I leave in the afternoon to go to a friend of a friend’s house who told me that the former is selling croquettes, cold meats, etc. Illegally, I guess. You can’t find it otherwise. Markets and stores are empty. For months now, they’ve only been selling salt, some tins of lobster juice which taste of water, maybe a couple of other silly things I can’t remember, and plastic bags, which we call chillonas here.
If rice or saltine crackers ever come in, there are huge lines. The guy has hamburgers selling for 15 pesos per packet of five. “Not bad,” I think. I buy two and head for the train, which hasn’t been suspended by some miracle.
When I get home, I take off my mask, wash it, have a shower, change my clothes and begin to make dinner. I go out into the backyard for a moment and I see my neighbor Oribeco in his home, hard at work. I greet him and he jokes about the Coronavirus.
“I’m a Spartan,” I remember that he had said the same thing months ago as a joke. I smile.
Oribeco is my young neighbor, who has been living alone ever since he turned 17 years old. His mother is married and lives in Consolacion del Sur and he goes to visit her once a week, he takes his laundry to wash there, but he does everything else himself the rest of the time. He is very independent.

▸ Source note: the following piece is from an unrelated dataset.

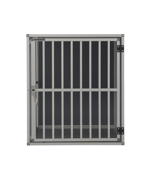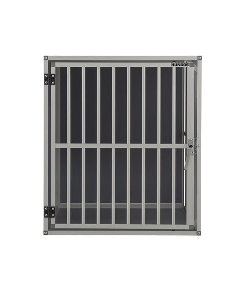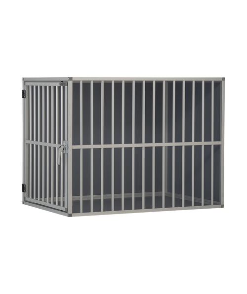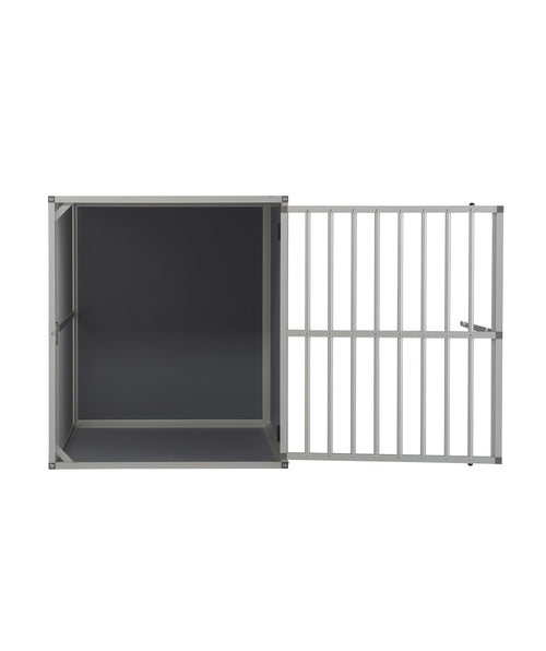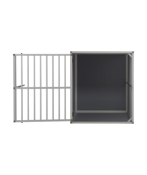 Deze luxe hondenbench is ontwikkeld met oog voor de geborgenheid van de hond. Door de keuze van twee open wanden met spijlen en twee dichte wanden met platen voelt de hond zich thuis en veilig in de bench.
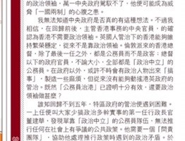 政治領袖要有政治理念,知道何事應為、何事不應為;有政治智慧,辨別何事可為、何事不可為;有政治技巧,能夠爭取支持,化解阻力,凝聚共識;有政治魅力,贏得人們敬佩、信仼和擁戴。香港有精明的商界奇才、懂行的專業精英和幹練的政府官員,就是沒有政治領袖。

My mother had a lot of love for him, and I’d say a bit of pity. She did his shopping at the ration store, shared meals with him, and even cooked for him sometimes and almost always had him come around our house. He was familiar with her and so, sometimes they would fight, but she loved him like a son almost. But my mother has passed into another dimension of existence and Oribeco calls himself a Spartan, like I pretty much am today if I think about it.
At least I have rice, eggs, a few tomatoes and hamburgers, today. I’ll see how I get by the next couple of days. The important thing is to keep safe, stay alive and not get too overwhelmed. Because there will always be battles to fight. Yesterday, it was the “temporary situation”; today, it is the Coronavirus, and tomorrow, it might be a hurricane for all I know.

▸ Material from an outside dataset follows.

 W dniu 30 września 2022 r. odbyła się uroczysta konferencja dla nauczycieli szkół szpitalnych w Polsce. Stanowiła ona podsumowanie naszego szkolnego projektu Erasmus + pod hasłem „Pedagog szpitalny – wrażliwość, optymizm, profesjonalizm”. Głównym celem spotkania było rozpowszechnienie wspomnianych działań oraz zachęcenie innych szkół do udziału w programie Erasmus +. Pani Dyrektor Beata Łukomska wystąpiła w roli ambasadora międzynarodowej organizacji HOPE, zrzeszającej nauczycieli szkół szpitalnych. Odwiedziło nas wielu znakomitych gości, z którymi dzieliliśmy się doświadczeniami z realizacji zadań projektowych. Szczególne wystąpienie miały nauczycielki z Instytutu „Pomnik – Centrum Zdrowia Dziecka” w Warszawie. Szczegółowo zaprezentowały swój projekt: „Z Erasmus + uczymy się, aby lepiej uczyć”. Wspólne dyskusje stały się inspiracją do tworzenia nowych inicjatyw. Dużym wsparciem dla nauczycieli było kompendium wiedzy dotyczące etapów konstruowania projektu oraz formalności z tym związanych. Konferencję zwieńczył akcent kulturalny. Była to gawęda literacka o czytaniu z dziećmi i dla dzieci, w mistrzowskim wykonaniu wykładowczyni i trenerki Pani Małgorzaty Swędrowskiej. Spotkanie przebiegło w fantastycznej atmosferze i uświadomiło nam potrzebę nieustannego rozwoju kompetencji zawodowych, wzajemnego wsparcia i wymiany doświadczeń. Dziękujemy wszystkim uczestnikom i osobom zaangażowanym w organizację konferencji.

The one thing I am sure of though, is that as long as there is blood flowing through our veins, we have to stand tall in the sand, like a true gladiator.
An interesting description of the reality in Cuba. Whereas Pedro Morejon speaks of social distancing, he has no option but to sit in close proximity to others in the bus. I am reminded of the comment made by the world’s oldest man on his 112th birthday: When asked how to live to an old age, he replied: “Stay alive.”
That is the challenge facing humanity in the face of the COVID 19 pandemic.